チェルノブイリ原発事故で子供の甲状腺がんの多発が見つかりました(8)。これを受けて福島でも事故当時18歳以下だった子供を対象にした甲状せん検査が実施されています(9)。当初の想定は100万人当たり2,3人です(10)。これまでの発表(2)(6)(11)を集計すると累積で
約30万人の検査で221人
の悪性ないし悪性の疑いの方が見つりました。1万人当たりにして7人です。当初の想定に比べ極めて高い割合です。以下に推移を示します。
どんどん増える福島小児甲状腺がん
※(12)を集計
図―1 どんどん増える福島の甲状腺癌
これについて福島原発事故の為とも(13)、そうでないとも主張があります(14)。現時点の公式見解は
「事故当時5歳以下からの発見はないこと、地域別の発見率に大きな差がないことから、総合的に判断して、放射線の影響とは考えにくいと評価する。
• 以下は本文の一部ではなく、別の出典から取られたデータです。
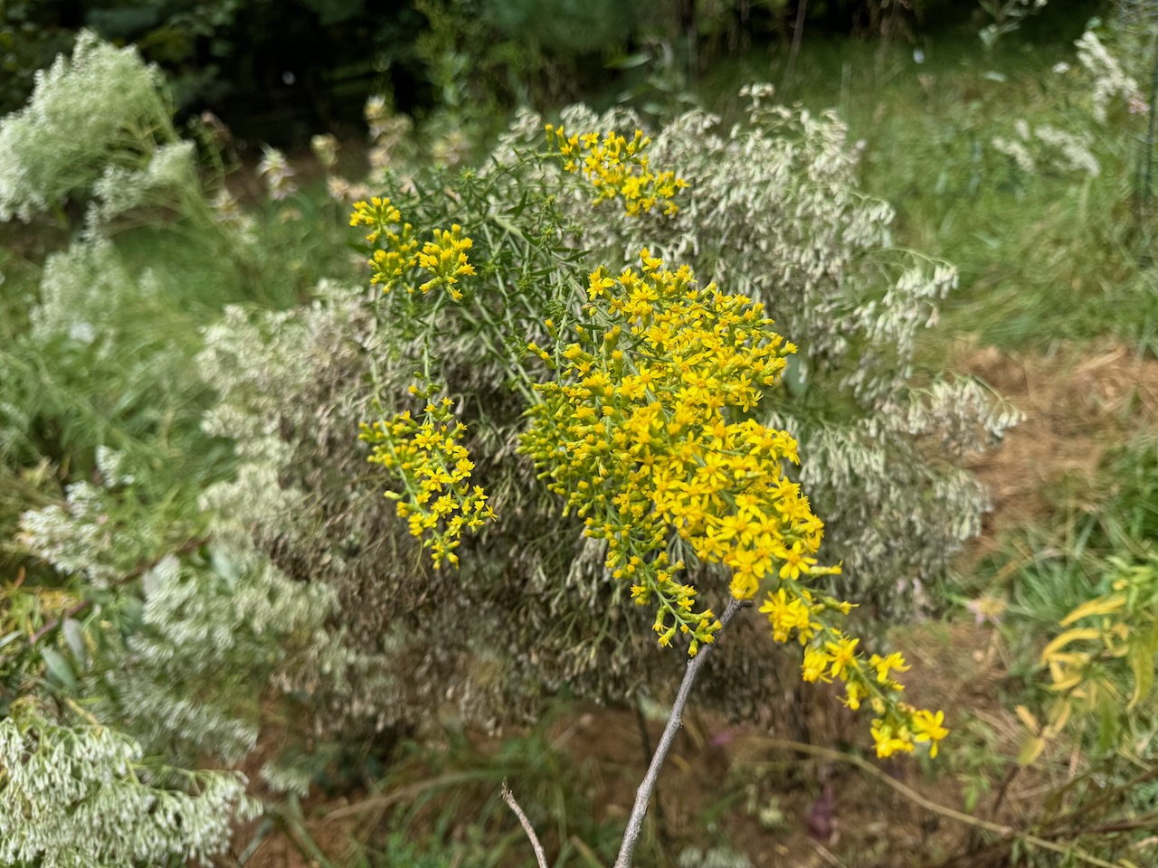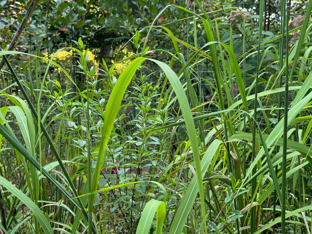 Burnweed, on the other hand, is less appealing to deer but can serve as a protector plant, its lush growth shielding neighbors nearby. Wasps, bees and other pollinators visit the tiny flowers while the leaves and tall stems block the view of more tender plants or obscure access to them. This season, burnweed helped me grow woodland sunflowers for the first time in many years. Though buds were nipped repeatedly in spring and early summer, my new transplants are finally blooming in the burnweed’s embrace.

」
です(15)。
甲状腺がんはヨウ素131の被ばくによって生じる物とされていますが(15)、ヨウ素131は半減期(量が半分になるまでの時間)が8日です(16(17))。摂取制限などで、ヨウ素131による被ばくを抑制するには、半減期に比べ短い期間内に対策が実施されていなければ効果はありません。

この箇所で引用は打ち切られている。